**Try it:** Exactly reproduce the lines of the listing below from the one containing "Scatti 773 reali." through the one containing "今来 可菜実さんを姓名の画数から五運を鑑定". Skip the images.

**Information given:**
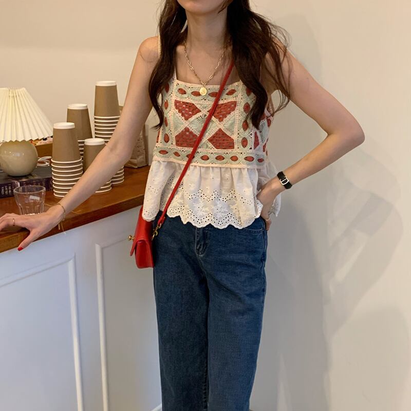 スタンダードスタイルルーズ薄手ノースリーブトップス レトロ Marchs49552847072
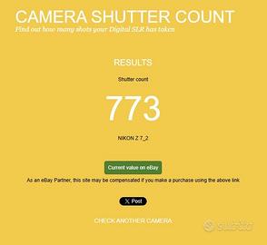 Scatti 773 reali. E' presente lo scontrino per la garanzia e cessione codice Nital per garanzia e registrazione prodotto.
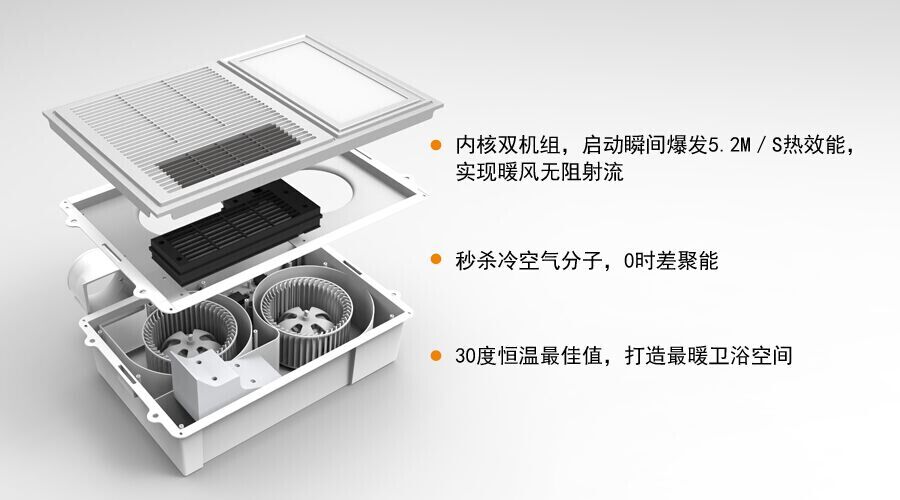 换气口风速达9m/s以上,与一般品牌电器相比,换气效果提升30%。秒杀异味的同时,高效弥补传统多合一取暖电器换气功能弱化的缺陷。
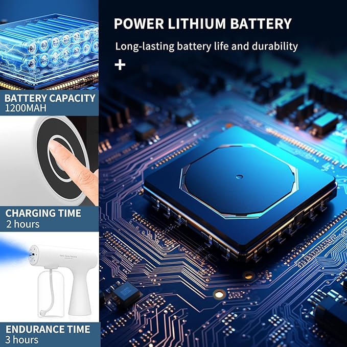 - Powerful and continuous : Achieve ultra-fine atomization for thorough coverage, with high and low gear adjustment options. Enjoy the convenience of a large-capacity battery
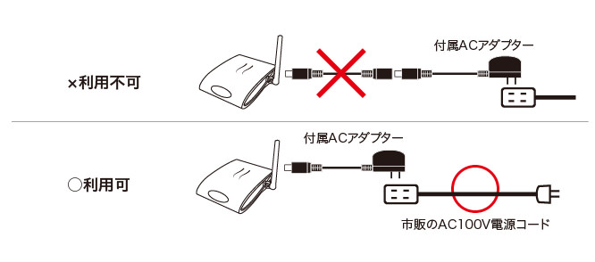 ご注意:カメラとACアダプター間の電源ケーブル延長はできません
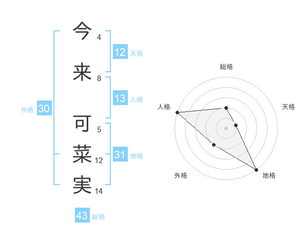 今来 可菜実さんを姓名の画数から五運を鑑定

...

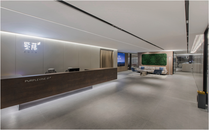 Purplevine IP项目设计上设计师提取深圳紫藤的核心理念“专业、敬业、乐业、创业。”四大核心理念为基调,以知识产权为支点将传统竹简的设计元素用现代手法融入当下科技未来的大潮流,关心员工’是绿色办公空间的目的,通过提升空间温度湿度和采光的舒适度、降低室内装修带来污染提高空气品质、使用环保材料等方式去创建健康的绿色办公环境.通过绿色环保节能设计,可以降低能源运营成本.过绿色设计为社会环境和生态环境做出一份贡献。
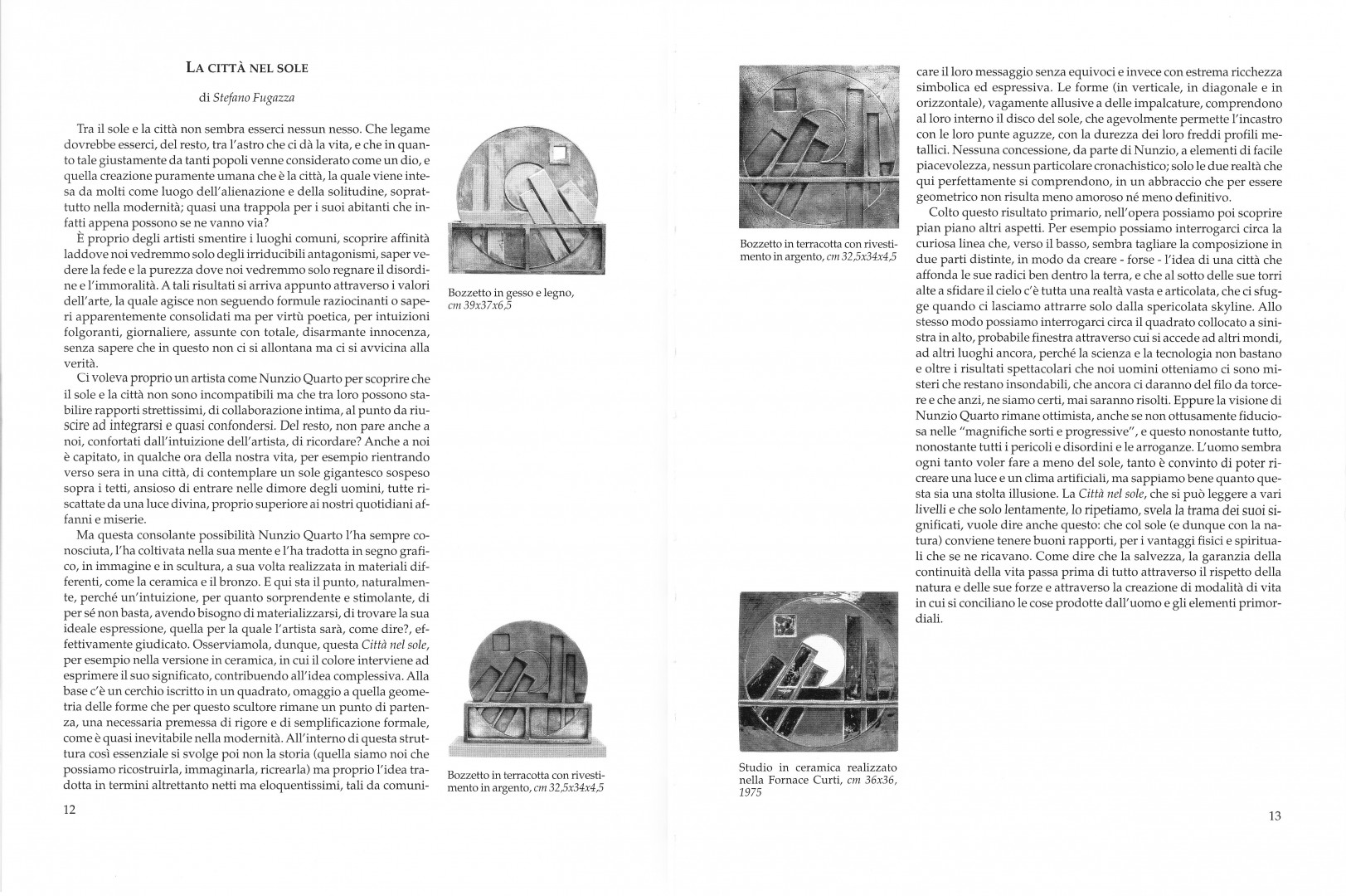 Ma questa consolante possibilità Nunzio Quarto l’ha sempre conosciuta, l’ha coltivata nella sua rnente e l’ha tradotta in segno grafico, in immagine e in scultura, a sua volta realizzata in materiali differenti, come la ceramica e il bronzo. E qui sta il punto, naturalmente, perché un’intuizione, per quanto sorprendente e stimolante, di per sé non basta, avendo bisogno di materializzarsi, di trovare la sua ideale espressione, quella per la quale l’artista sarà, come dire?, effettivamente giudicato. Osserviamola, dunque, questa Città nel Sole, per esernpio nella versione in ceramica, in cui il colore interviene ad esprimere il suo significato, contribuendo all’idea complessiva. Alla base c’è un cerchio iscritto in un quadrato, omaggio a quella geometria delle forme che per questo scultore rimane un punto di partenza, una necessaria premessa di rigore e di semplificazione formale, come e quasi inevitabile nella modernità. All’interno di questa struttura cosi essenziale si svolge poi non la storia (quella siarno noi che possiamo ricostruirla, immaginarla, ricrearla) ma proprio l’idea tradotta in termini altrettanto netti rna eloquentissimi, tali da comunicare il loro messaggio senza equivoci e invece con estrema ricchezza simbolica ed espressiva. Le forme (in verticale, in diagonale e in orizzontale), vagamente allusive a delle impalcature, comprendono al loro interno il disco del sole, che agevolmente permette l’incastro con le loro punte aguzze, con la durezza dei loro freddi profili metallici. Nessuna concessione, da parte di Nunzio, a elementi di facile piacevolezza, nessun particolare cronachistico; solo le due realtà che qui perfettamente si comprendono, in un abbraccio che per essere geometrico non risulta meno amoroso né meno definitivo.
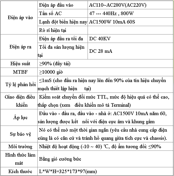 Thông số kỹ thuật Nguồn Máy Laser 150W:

**Answer to this exercise:**
 Scatti 773 reali. E' presente lo scontrino per la garanzia e cessione codice Nital per garanzia e registrazione prodotto.
 换气口风速达9m/s以上,与一般品牌电器相比,换气效果提升30%。秒杀异味的同时,高效弥补传统多合一取暖电器换气功能弱化的缺陷。
 - Powerful and continuous : Achieve ultra-fine atomization for thorough coverage, with high and low gear adjustment options. Enjoy the convenience of a large-capacity battery
 ご注意:カメラとACアダプター間の電源ケーブル延長はできません
 今来 可菜実さんを姓名の画数から五運を鑑定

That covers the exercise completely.